▸ WORK REQUIRED
Take the lines in the listing below from the line with "Velvet Flutter Half" up to and including the line with "模拟点击基于安卓7.0以上的" and set them down exactly, skipping pictures and adding nothing.

Segment Start: EXERCISE MATERIALS

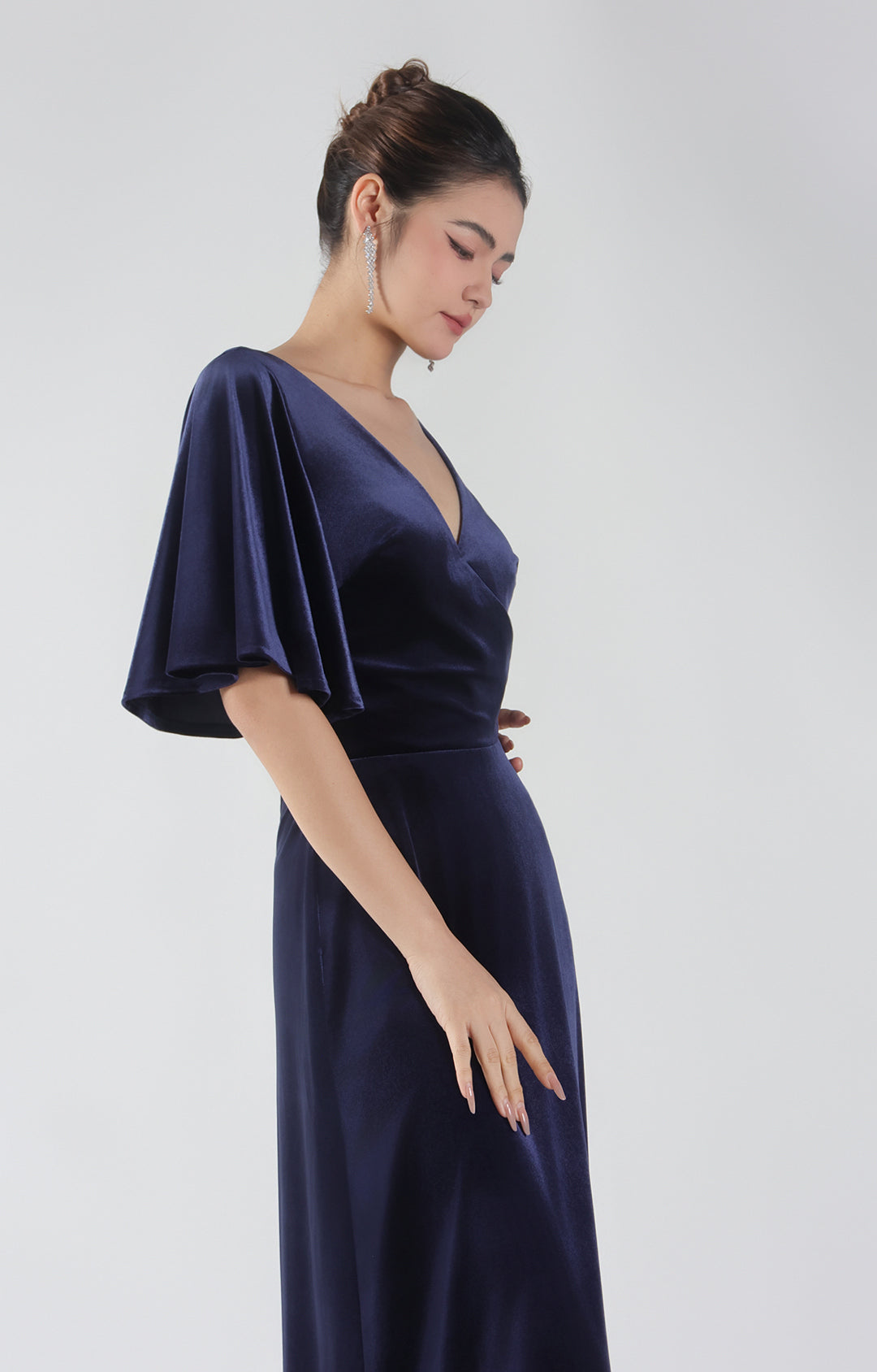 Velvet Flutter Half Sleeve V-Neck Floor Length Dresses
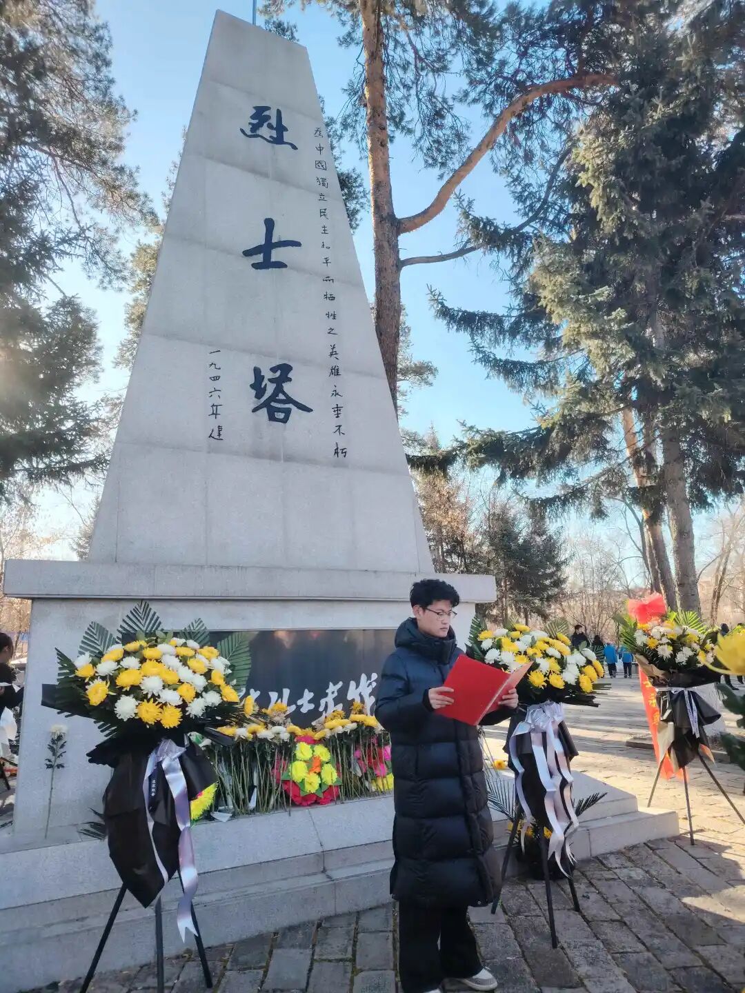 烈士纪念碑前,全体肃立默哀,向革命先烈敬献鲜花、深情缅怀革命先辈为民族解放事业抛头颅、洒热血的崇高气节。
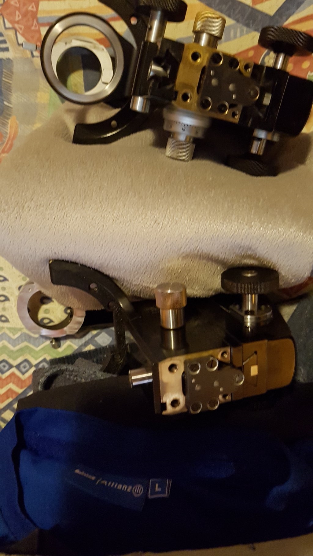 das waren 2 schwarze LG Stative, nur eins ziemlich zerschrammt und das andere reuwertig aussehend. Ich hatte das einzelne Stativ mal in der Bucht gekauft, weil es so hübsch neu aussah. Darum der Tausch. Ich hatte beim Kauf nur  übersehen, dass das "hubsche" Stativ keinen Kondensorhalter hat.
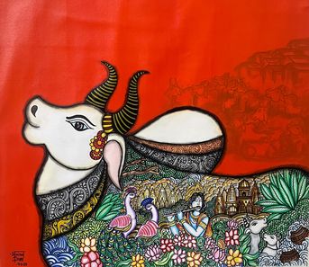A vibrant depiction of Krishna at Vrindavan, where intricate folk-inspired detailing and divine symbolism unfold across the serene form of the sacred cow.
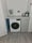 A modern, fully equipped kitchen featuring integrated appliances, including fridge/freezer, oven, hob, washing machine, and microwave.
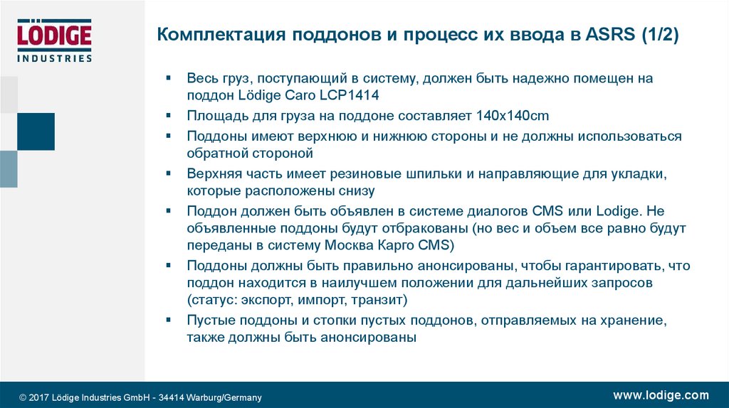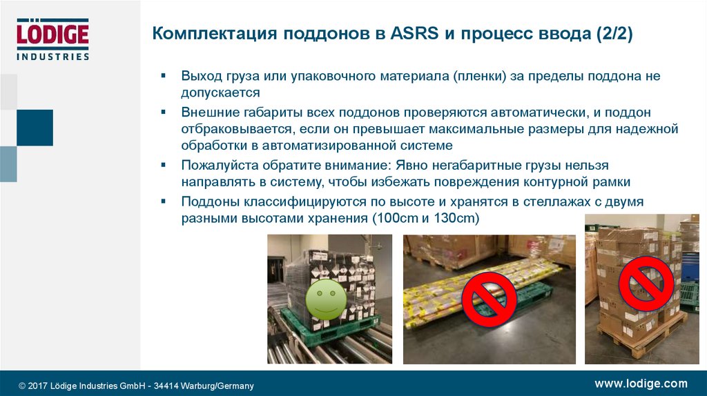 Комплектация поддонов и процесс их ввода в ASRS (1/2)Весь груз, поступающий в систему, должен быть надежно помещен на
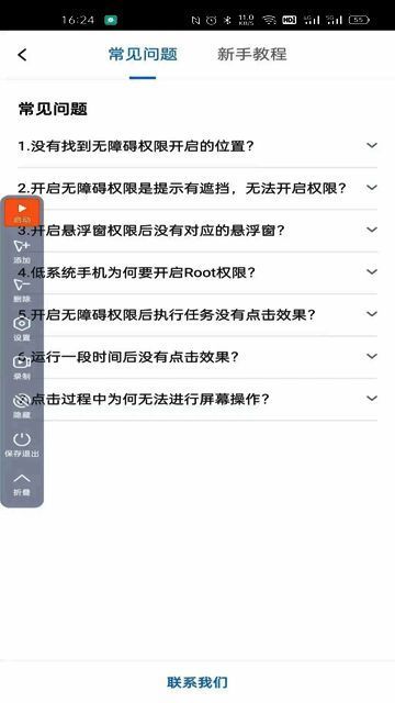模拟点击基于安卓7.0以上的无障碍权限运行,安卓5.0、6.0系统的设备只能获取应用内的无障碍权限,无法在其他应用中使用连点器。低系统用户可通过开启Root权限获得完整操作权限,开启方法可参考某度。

Segment End: EXERCISE MATERIALS
Segment Start: EXERCISE MATERIALS

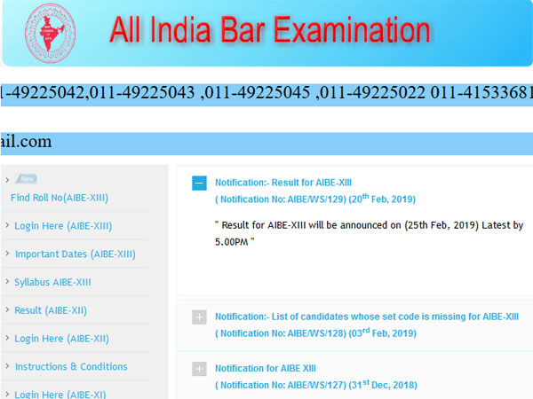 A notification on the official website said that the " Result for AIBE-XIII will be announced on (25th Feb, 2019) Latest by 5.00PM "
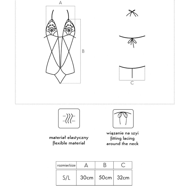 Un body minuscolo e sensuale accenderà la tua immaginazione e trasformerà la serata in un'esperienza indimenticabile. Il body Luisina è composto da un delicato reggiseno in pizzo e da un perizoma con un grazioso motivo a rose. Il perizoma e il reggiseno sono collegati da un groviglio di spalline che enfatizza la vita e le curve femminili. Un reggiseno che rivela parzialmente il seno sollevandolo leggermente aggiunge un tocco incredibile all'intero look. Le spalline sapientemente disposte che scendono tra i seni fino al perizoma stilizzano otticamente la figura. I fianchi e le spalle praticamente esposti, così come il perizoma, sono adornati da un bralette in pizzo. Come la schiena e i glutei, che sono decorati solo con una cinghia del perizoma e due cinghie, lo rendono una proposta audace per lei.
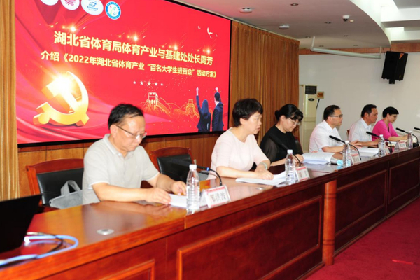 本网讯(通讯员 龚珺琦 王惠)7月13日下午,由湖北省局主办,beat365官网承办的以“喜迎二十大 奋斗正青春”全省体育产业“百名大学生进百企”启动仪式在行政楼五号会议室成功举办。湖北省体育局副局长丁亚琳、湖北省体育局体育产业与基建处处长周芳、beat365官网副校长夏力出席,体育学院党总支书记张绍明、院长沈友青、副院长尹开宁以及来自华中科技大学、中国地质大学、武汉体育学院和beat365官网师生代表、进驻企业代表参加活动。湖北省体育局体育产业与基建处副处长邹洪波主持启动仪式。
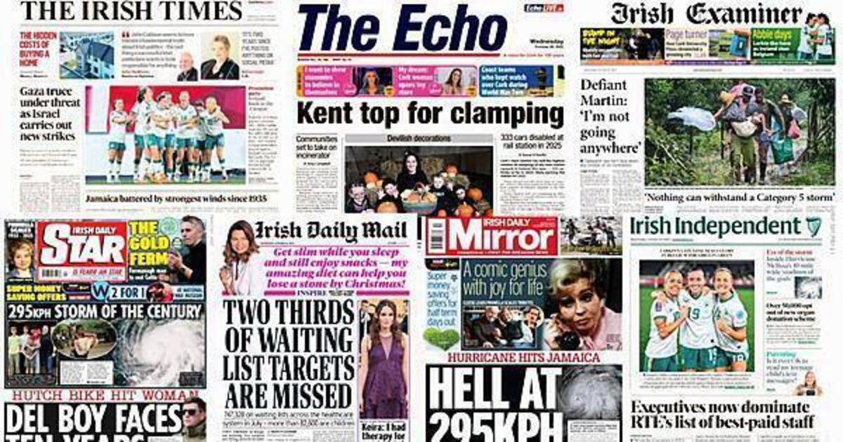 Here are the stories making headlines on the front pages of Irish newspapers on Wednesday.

Segment End: EXERCISE MATERIALS

▸ ANSWER TO THIS EXERCISE
 Velvet Flutter Half Sleeve V-Neck Floor Length Dresses
 烈士纪念碑前,全体肃立默哀,向革命先烈敬献鲜花、深情缅怀革命先辈为民族解放事业抛头颅、洒热血的崇高气节。
 das waren 2 schwarze LG Stative, nur eins ziemlich zerschrammt und das andere reuwertig aussehend. Ich hatte das einzelne Stativ mal in der Bucht gekauft, weil es so hübsch neu aussah. Darum der Tausch. Ich hatte beim Kauf nur  übersehen, dass das "hubsche" Stativ keinen Kondensorhalter hat.
A vibrant depiction of Krishna at Vrindavan, where intricate folk-inspired detailing and divine symbolism unfold across the serene form of the sacred cow.
 A modern, fully equipped kitchen featuring integrated appliances, including fridge/freezer, oven, hob, washing machine, and microwave.
 Комплектация поддонов и процесс их ввода в ASRS (1/2)Весь груз, поступающий в систему, должен быть надежно помещен на
模拟点击基于安卓7.0以上的无障碍权限运行,安卓5.0、6.0系统的设备只能获取应用内的无障碍权限,无法在其他应用中使用连点器。低系统用户可通过开启Root权限获得完整操作权限,开启方法可参考某度。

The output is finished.